De bevrijding in het KZ ”Nordhausen-Boelcke-kaserne” verliep bijzonder dramatisch. De kazerne was de laatste maanden van de oorlog de plek geworden waar alle zieke en werkonbekwame gevangenen van het hele KZ-complex Dora-Mittelbau verzameld werden. In Dora-Mittelbau hakten gevangenen een gangenstelsel uit in de Kohnsteinberg om er de productielijnen van de V1 en V2 raketten in onder te brengen: het werk en de levensomstandigheden waren er uitzonderlijk zwaar en uitputtend.

De zieke gevangenen werden naar de Boelcke-kazerne gebracht en opgesloten in grote garages, op een betonnen vloer, zonder bedden of verzorging. De gevangenen werden aan hun lot overgelaten en stierven massaal: tussen februari en april 1945 overleden 3500 gevangenen.

Op 3 en 4 april 1945 werd Nordhausen en ook de Boelcke-kazerne gebombardeerd door de geallieerden. Een deel van de kazerne werd verwoest en daarbij kwamen vele gevangenen om. Ook de omheining was deels vernield en er ontstond algemene chaos: honderden zieke en stervende gevangenen probeerden zich in veiligheid te brengen, bewakers en SS’ers schoten lukraak gevangenen dood. Pas op 11 en 12 april werd het kamp bevrijd door Amerikaanse troepen. Er werd een veldhospitaal opgezet om de nog levende gevangenen te redden, huizen in de omtrek werden opgeëist om de zieke gevangenen onder te brengen en te verzorgen. Er werden 2400 overal verspreid liggende doden bijeengebracht en begraven, waarbij ook Duitse burgers verplicht ingezet werden (foto: de bijeengebrachte lichamen op de binnenplaats van de Boelcke-kaserne, links de schade door de bombardementen van 3-4 april 1945).

Terug thuis

Kort na zijn bevrijding wordt de gezondheidstoestand van Benoit Storme omschreven als ‘slecht’, weegt hij nog 51 kg, heeft hij een wonde aan zijn linkervoet en lijdt hij aan nierproblemen (albuminurie) en aan dysenterie.

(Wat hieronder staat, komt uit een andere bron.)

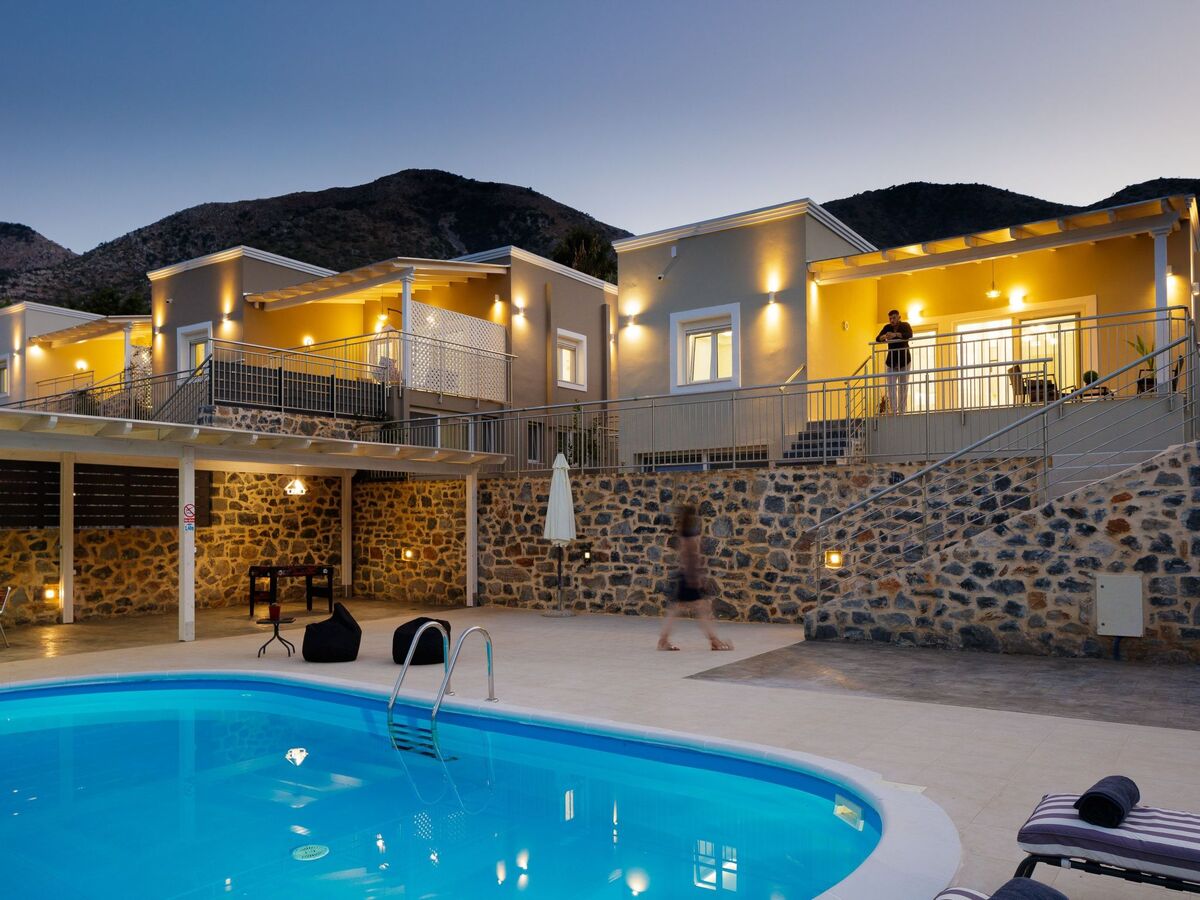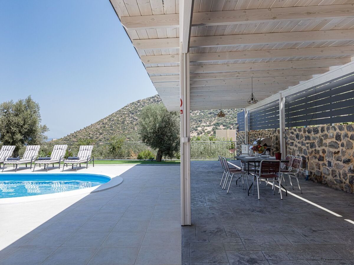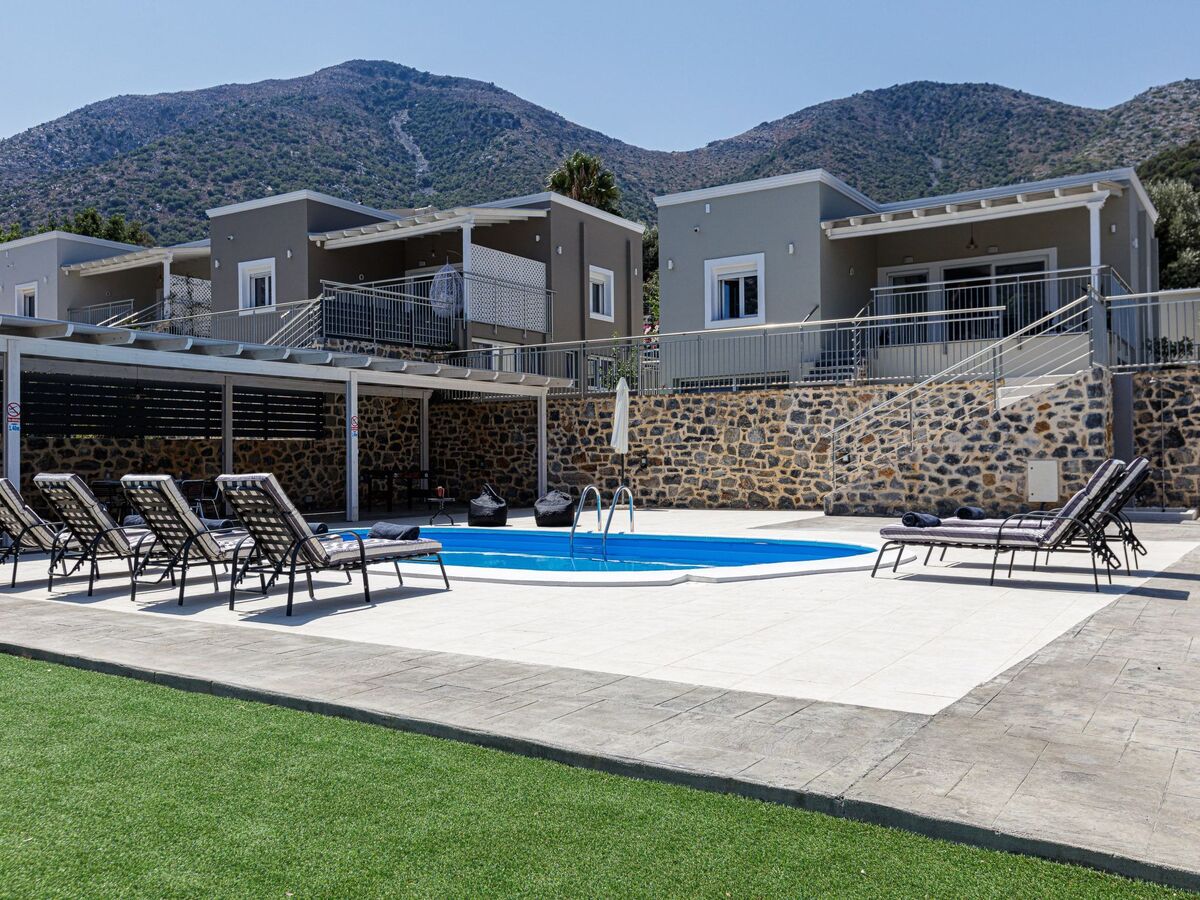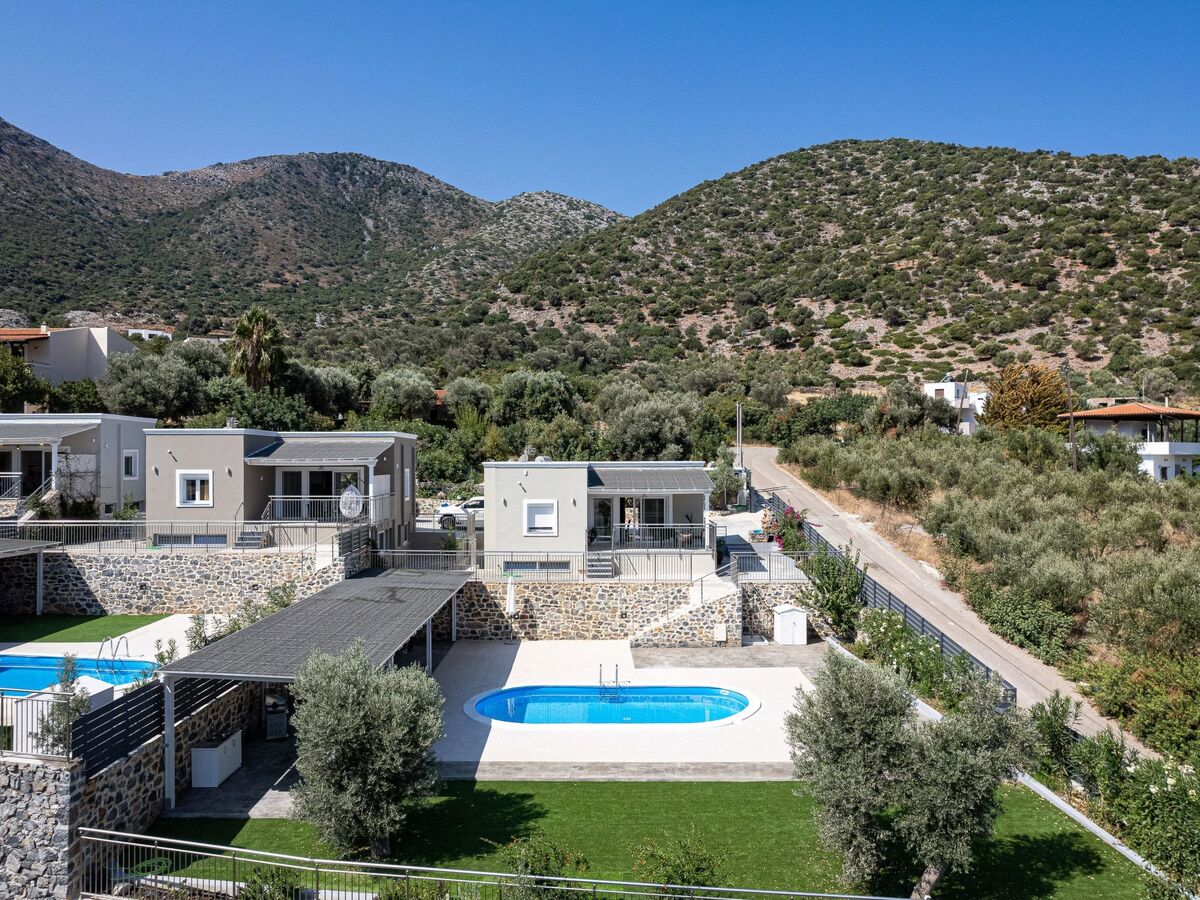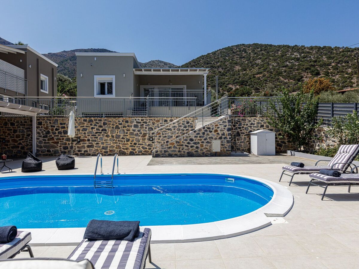 The impeccable outdoor area is host to a private swimming pool in a tranquil garden setting, perfect for families to sit back and enjoy their Crete vacation.
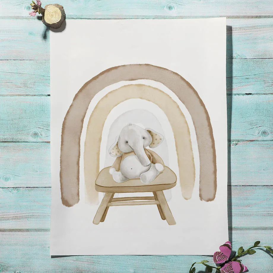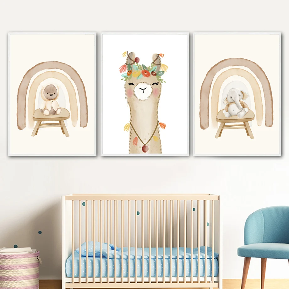 Бохо кролик Альпака слон медведь Радуга настенная живопись холст скандинавские постеры и принты настенные картины декор для детской комнаты
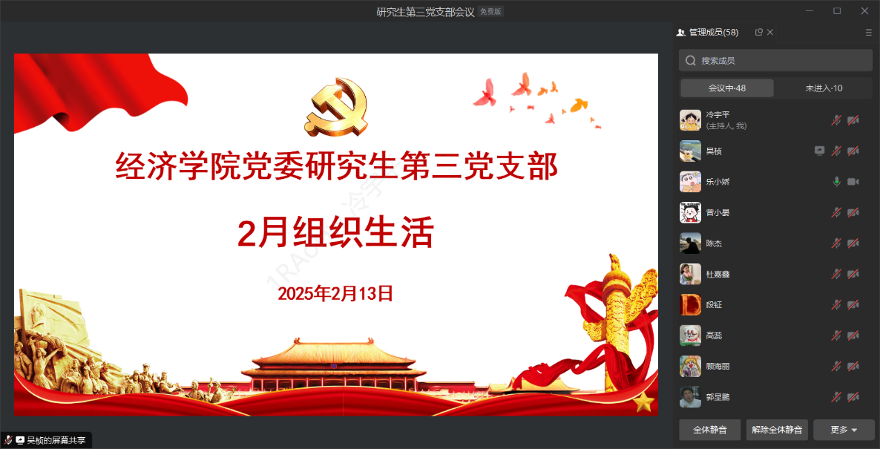 2025年2月13日,经济公司党委研究生第三党支部通过企业微信线上开展2月组织生活。支部党员围绕习近平总书记重要文章《进一步全面深化改革中的几个重大理论和实践问题》(《求是》2025年第2期)进行学习和研讨。
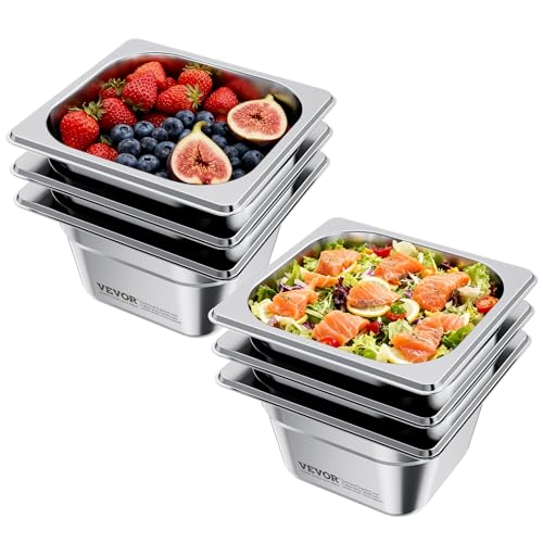 VEVOR Bac Gastronorme GN 1/2, Récipient de Restauration en Acier Inoxydable 6PCs 6 L, Bac Inox Alimentaire Profondeur 9,9 cm, Anti-adhérent et Antirouille, pour Bain-marie Buffet Chauffe-plats Hôtel
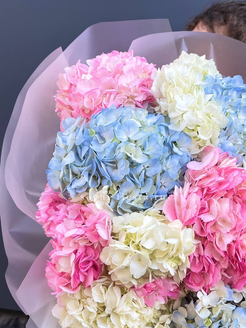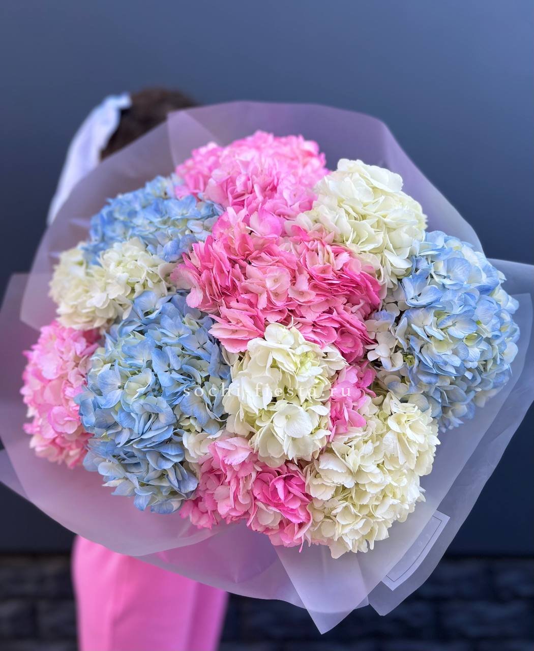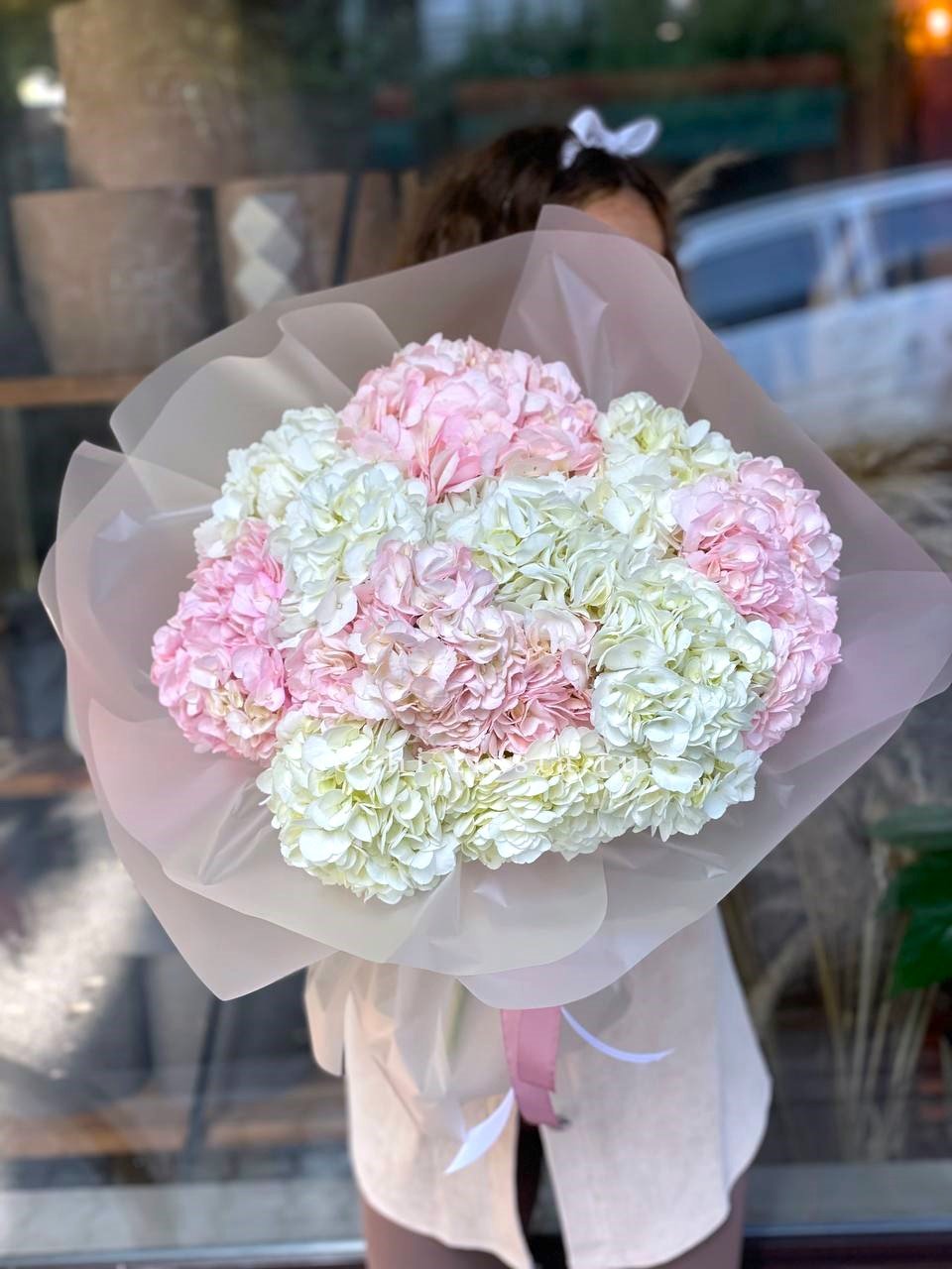 гортензия - 7 шт., лента, дизайнерская упаковка.
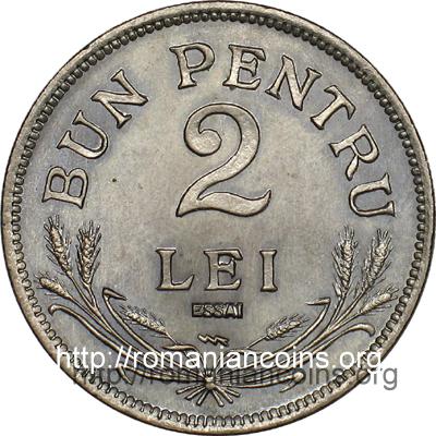 inscription "BUN PENTRU" = GOOD FOR, denomination "2 LEI", wheat ears wreath, below LEI inscription ESSAI meaning ESSAY in French and the mintmark of Poissy mint | ROMANIA, year 1924 and Romanian coat of arms; both at left and right of the coat of arms three five-ray stars; outer pearl circle |
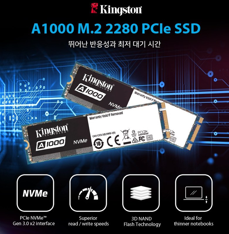 최근에 SSD 를 하나 추가로 영입했습니다. 바로 킹스톤 NVMe A1000 인데요. 그동안 NVMe 는 삼성의 960 Evo 를 사용하고 있기에 속도나 용량적인 면에서 부족함은 없었지만, 개인적인 작업공간을 추가로 확장하기 위해 알아보던중 240 GB 의 용량과 NVMe , 그리고 가격. 마지막으로 브랜드에서 어느정도 타협을 하고보니 킹스톤 NVMe A1000 으로 선택하게되었습니다. 아마 킹스톤 이라는 브랜드에 대해서 무슨 브랜드 빨이야. 라고하시는 분이 계시겠지만, 듣보잡 240GB 보다는 그래도 국내에서 정품인증과 A/s 가 지원되는 브랜드 중에서 가성비. 갓성비를 챙기기 위해서는 킹스톤 NVMe A1000 가 나름 괜찮은 선택이라 고르게되었습니다.
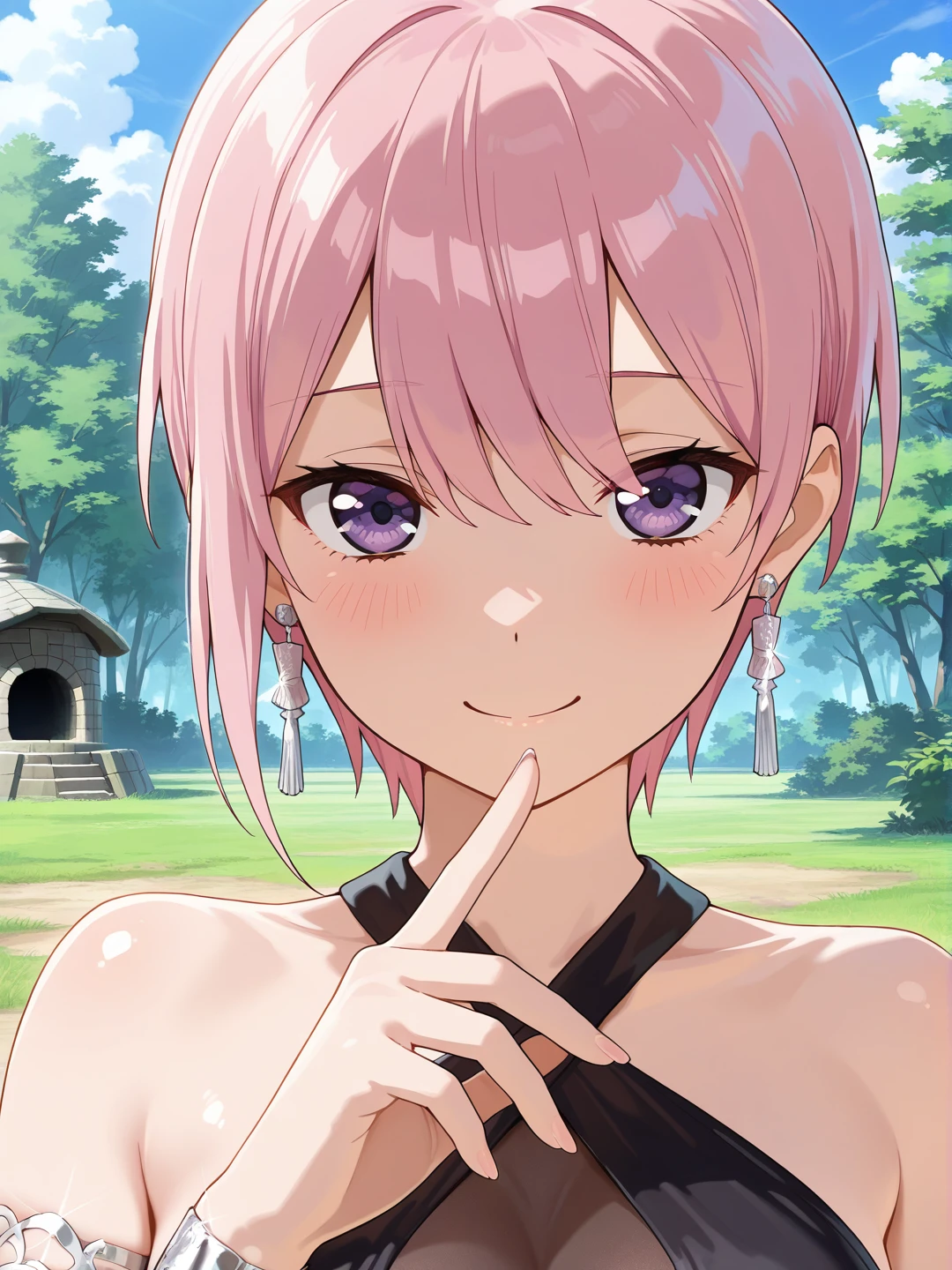 short hair,pink hair,earrings,purple eyes
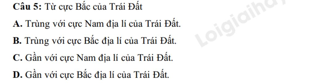 `->``bbC`$\\$Cực Bắc địa lí của Trái Đất không trùng với cực Nam địa lí của Trái Đất mà chúng cách xa nhau rất xa
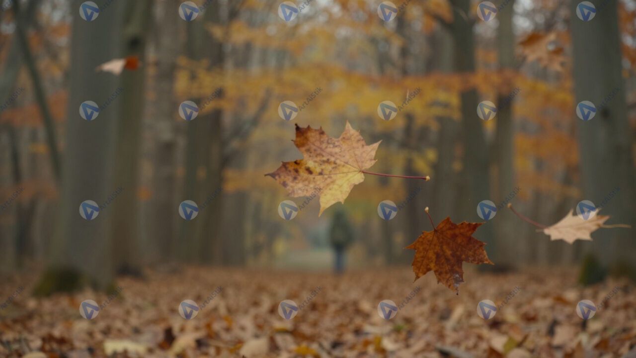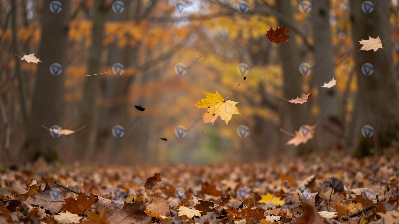 Листопад осенью, летящие листья, лес, ветер.
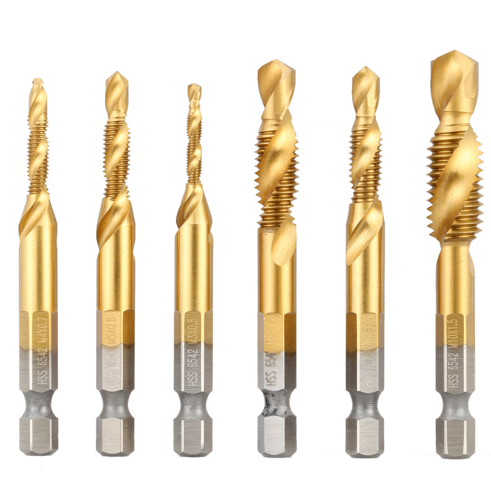 - 6 Pcs/set HSS 6542 Titanium Coated Woodworking Combined Tap and Drill Metric Deburr Countersink Bits Strong Hex Shank Spiral Tap
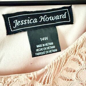 Jessica Howard Lace Illusion Sheath Dress in Peach - Size 14W

Op 3 mei werd hij o.a. met René Lambrecht (die later zijn memoires schreef onder de titel “Wij, Muselmänner”) per vliegtuig overgebracht naar Mourmelon-le-Grand bij Reims. Het duurde dan nog tot vrijdag 8 juni voordat Benoit met hulp van het Rode Kruis per trein via Parijs en Brussel naar huis kon. Op 23 juni werd hij – in gevangenisplunje – gehuldigd als politiek gevangene (foto bovenaan).

Benoit heeft na de oorlog nooit gesproken over zijn ervaringen in de kampen, het onderwerp was taboe. De familie meent te weten dat hij onderworpen werd aan medische experimenten. Zijn wonden van het zware werk zouden ook met zout ingewreven zijn. Hij zou zware arbeid hebben moeten leveren, onder de grond: stenen kappen en naar boven halen. Dat laatste komt alvast overeen met wat we weten over het kamp Dora-Mittelbau.

Na de oorlog heeft Benoit Storme nog een zoon gekregen en is hij verder werkzaam geweest als bakker. Hij stierf in augustus ‘63, op 44-jarige leeftijd, in Knokke.